* Work to complete *
Given these entries, repeat exactly the lines starting with the one that has "ejercicio del gato." and going on through the one that has "Couple Hand-Painted Wooden Oval Wall Hanging", both included, but none of the pictures.
--------------------
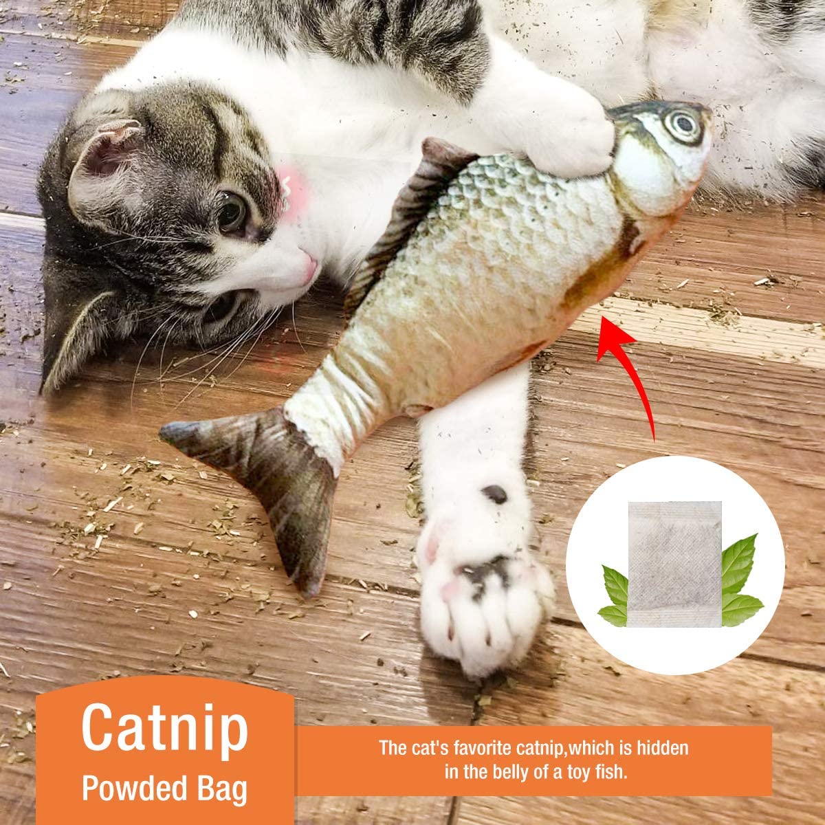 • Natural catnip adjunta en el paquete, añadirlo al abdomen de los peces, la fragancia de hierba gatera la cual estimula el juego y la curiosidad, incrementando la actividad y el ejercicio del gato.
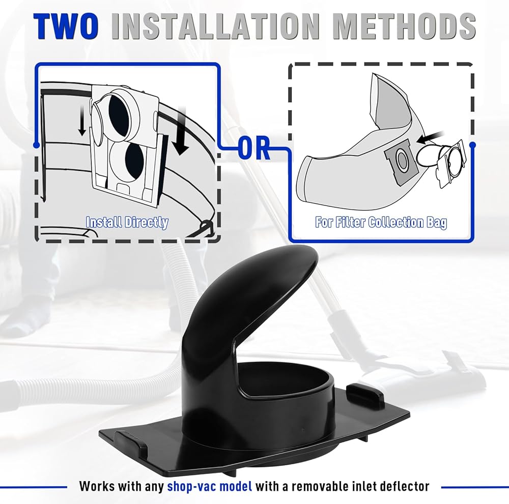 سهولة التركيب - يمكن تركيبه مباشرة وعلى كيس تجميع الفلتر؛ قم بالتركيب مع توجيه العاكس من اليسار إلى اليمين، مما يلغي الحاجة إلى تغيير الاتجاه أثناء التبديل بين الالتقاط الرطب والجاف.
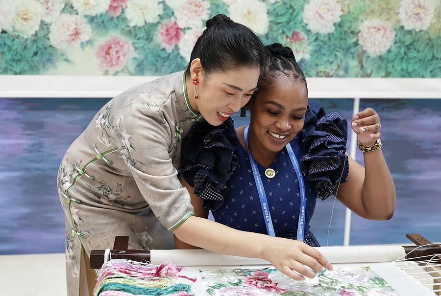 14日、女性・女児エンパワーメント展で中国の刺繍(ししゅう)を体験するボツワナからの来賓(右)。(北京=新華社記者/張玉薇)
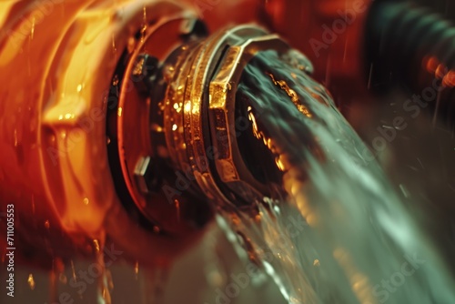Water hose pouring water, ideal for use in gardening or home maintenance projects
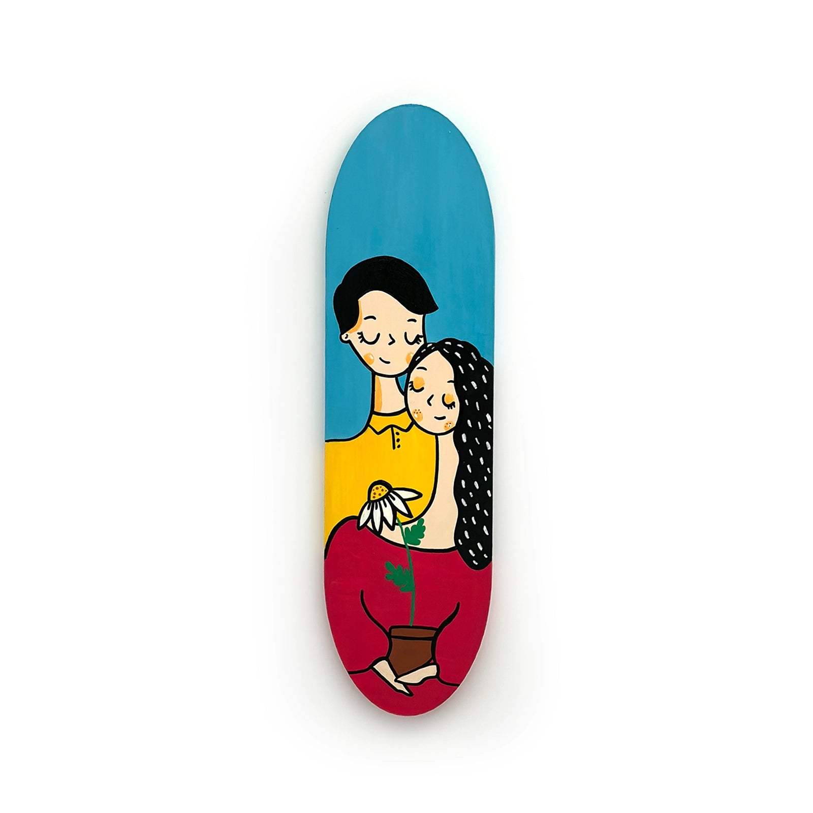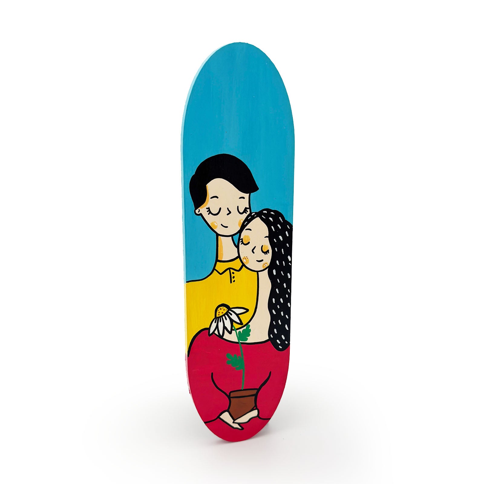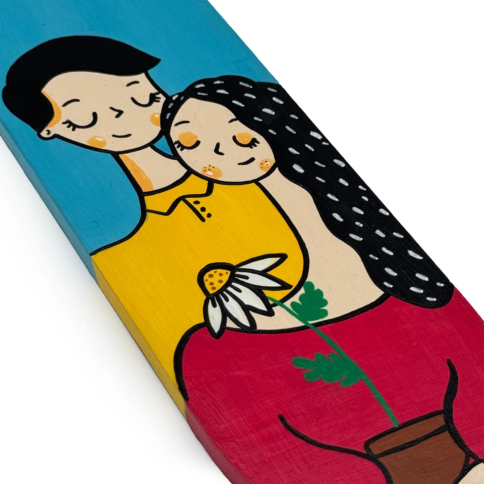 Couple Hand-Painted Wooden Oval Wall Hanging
--------------------
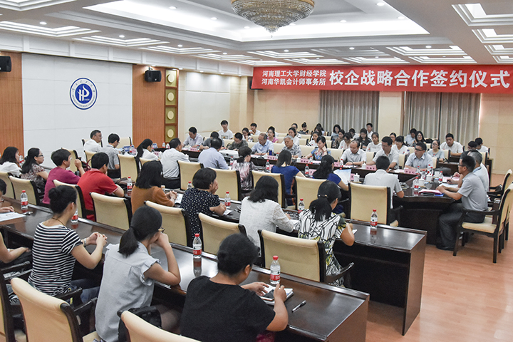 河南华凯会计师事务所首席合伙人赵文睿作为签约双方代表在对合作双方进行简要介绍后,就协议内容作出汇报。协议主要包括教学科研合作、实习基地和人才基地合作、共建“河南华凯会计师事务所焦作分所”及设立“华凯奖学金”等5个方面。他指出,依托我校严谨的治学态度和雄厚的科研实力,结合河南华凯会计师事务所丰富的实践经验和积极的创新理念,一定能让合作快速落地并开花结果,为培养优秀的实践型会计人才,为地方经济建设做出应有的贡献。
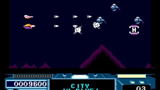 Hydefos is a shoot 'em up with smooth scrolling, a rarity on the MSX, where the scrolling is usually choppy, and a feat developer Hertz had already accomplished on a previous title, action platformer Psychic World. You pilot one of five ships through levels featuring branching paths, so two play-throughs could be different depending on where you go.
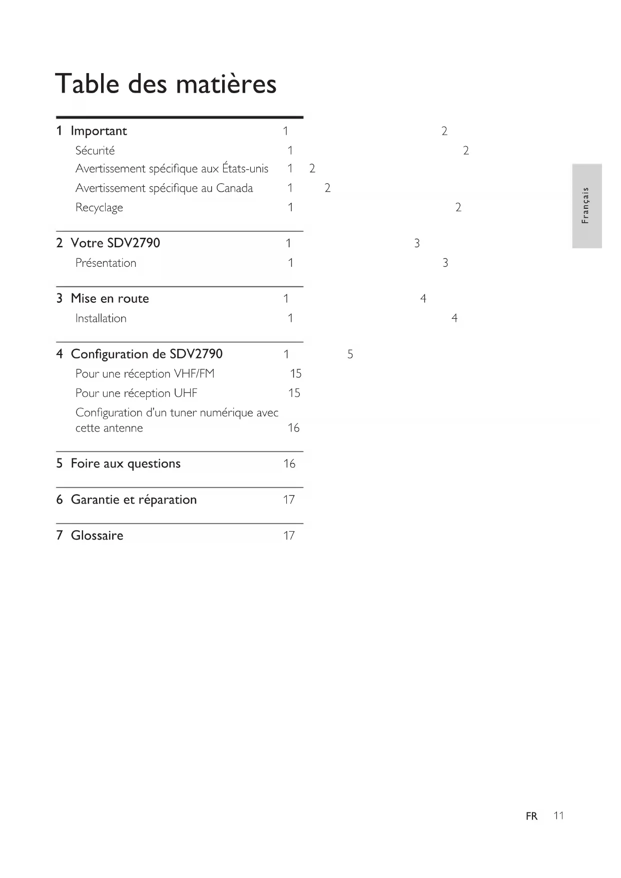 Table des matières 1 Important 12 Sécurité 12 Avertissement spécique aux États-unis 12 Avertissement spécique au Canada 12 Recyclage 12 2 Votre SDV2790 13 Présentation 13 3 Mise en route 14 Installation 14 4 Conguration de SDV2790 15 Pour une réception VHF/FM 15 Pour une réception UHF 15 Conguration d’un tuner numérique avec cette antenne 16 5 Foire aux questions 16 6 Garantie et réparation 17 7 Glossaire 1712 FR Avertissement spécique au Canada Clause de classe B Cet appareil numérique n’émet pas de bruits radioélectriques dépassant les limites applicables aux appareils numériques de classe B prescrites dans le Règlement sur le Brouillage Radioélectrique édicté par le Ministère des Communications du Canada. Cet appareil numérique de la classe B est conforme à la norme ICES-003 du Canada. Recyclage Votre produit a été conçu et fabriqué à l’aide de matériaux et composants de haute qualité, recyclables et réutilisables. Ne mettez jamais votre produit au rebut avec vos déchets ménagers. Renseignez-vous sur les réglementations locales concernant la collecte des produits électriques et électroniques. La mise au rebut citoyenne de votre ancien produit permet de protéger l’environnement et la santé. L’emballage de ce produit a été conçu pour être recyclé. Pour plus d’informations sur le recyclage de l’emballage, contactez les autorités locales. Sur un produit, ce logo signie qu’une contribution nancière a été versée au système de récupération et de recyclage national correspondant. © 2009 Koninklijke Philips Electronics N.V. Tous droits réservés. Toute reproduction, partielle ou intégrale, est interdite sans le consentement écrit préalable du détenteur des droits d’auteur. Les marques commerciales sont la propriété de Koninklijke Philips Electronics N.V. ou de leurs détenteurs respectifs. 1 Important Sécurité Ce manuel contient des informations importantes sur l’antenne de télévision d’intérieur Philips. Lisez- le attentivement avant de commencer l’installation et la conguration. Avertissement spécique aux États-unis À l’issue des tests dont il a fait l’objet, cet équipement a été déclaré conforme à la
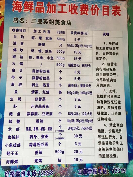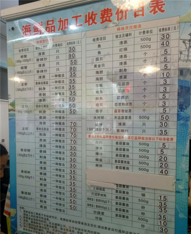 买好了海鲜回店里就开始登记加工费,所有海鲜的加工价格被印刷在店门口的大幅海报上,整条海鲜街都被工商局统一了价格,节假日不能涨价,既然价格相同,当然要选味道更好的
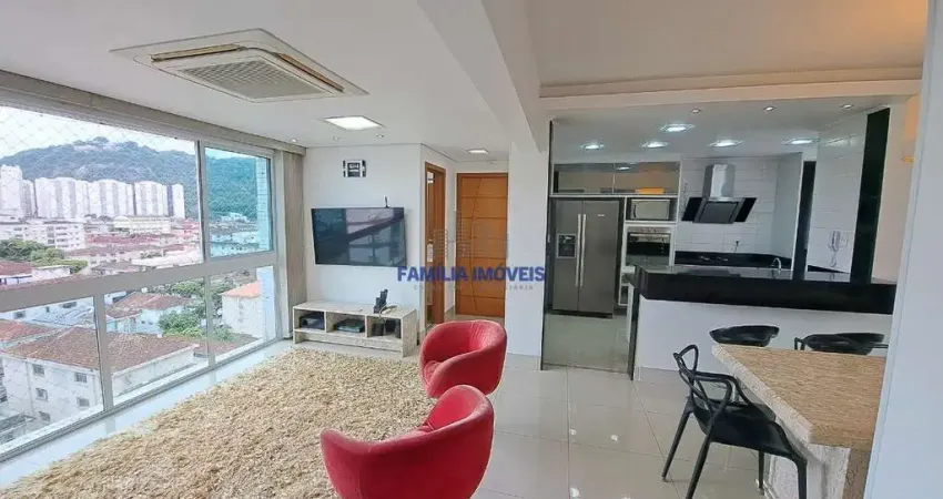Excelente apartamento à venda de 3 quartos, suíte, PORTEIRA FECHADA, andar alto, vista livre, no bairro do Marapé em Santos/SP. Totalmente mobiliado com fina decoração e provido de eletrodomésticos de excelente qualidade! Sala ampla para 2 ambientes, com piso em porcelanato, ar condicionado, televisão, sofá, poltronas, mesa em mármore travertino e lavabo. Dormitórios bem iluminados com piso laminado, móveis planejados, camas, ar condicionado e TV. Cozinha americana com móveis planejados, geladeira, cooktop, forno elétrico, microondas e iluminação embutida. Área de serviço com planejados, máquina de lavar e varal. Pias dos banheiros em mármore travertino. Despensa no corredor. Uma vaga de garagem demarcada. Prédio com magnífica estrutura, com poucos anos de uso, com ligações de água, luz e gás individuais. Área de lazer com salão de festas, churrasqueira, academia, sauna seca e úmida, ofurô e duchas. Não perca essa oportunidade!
--------------------
* Answer to this task *
 • Natural catnip adjunta en el paquete, añadirlo al abdomen de los peces, la fragancia de hierba gatera la cual estimula el juego y la curiosidad, incrementando la actividad y el ejercicio del gato.
 سهولة التركيب - يمكن تركيبه مباشرة وعلى كيس تجميع الفلتر؛ قم بالتركيب مع توجيه العاكس من اليسار إلى اليمين، مما يلغي الحاجة إلى تغيير الاتجاه أثناء التبديل بين الالتقاط الرطب والجاف.
 14日、女性・女児エンパワーメント展で中国の刺繍(ししゅう)を体験するボツワナからの来賓(右)。(北京=新華社記者/張玉薇)
Water hose pouring water, ideal for use in gardening or home maintenance projects
 Couple Hand-Painted Wooden Oval Wall Hanging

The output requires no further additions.